Arrive enfin le moment tant attendu, le seul pour
moi, en présence de Sofie.
Tout en tremblant et en rougissant, je sors
l’enveloppe de ma poche et la présente à Tage. Il plisse
le front, sort une loupe d’un tiroir, s’empresse
d’ausculter la lettre et, après un moment d’indécision,
se met à rire, mais à rire comme si on venait de lui
raconter la dernière blague du Toto norvégien, celle où
le gamin pêche un saumon poilu dans un fjord, mais
c’est une autre histoire.
Papy Tage me tend l’enveloppe, la loupe et me
montre l’oblitération. Je lis : « Le havre, jeudi 12 mai
1960, 7 heures 42 ». Je ne comprends pas tout de suite
l’hilarité générale, mais c’est de courte durée. De
rouge, je deviens cramoisi. La date ! La mythique
enveloppe est datée du lendemain du grand jour. On
nous aurait menti durant toutes ces années, ma famille
et moi, spoliés de ce souvenir parfait, de cet objet qui
faisait que Sofie m’avait écouté, regardé et qui ne valait
plus rien, ni pour elle, ni pour moi ?
De retour à Paris, j’ai souhaité en savoir plus sur
cet échec norvégien et personnel, savoir pourquoi la
lettre n’était pas datée du 11, mais du 12 mai 1960. J’ai
fait ma petite enquête. J’ai appris, après quelques
recherches, que la direction de La Poste du Havre a
accordé, le jour du lancement du France et à titre
exceptionnel, un après-midi de repos à son personnel
afin que les postiers qui le souhaitent puissent se rendre
à la manifestation. Un pareil évènement dans la région,
c’est plutôt rare et pas banal. Pensez donc, ma pauvre
dame, le Général sera là et il fait beau !
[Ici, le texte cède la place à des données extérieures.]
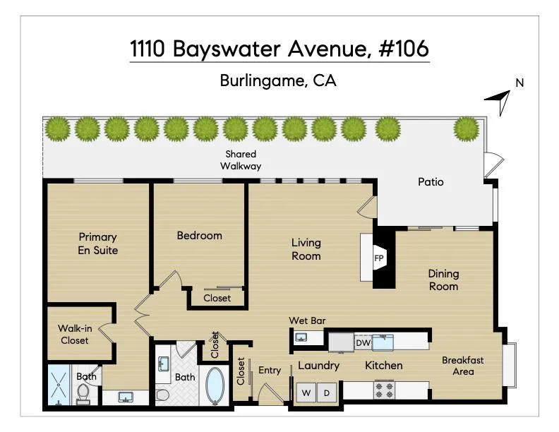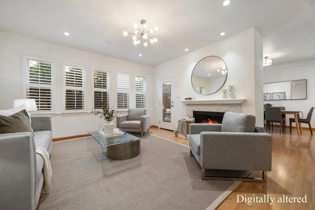 In the heart of Burlingames boutique charm and warm community spirit, this beautifully renovated condominium offers the rare luxury of true turnkey living. This 2BR/2BA condo offers approx. 1,245 sq ft of truly turnkey living. Abundant natural light shines throughout the open living/dining areas with a wood-burning fireplace, and the dining space flows to a private, tucked-away balcony, perfect for morning coffee or evening unwinding. Renovated with a comprehensive checklist: kitchen remodeled to the studs with new appliances, updated flooring, and water filtration; guest bath fully remodeled; primary vanity upgraded; fresh paint, new lighting, updated hardware; double-pane windows and sliding doors; and a new HVAC system with both heating and A/C (a rare upgrade in many Burlingame condos). Additional highlights include in-unit laundry with full-size washer/dryer, secure lobby entry, elevator building, two-car garage parking, and extra storage. HOA recently completed major building-wide improvements, approximately $25K invested in exterior upgrades including new stucco, fresh exterior paint, enhanced garage lighting, and new mailboxes. Prime downtown location just two blocks to Burlingame Ave and moments to Caltrain, Washington Park, top-rated Burlingame schools, BART, and SFO.

Les souvenirs des uns ne sont pas ceux des autres,
on ne peut pas et on ne doit pas se les approprier. En
tout état de cause, le courrier peut bien attendre
quelques heures mais, pour moi, c’est trop tard.
Cette histoire s’appuie sur des faits et des personnages réels
(l’inauguration, l’enfant, le papy menuisier du France, l’architecte
norvégien, ma visite en Norvège) et sur des épisodes dont j’aurais
aimé qu’ils soient vrais pour certains et pas du tout pour d’autres.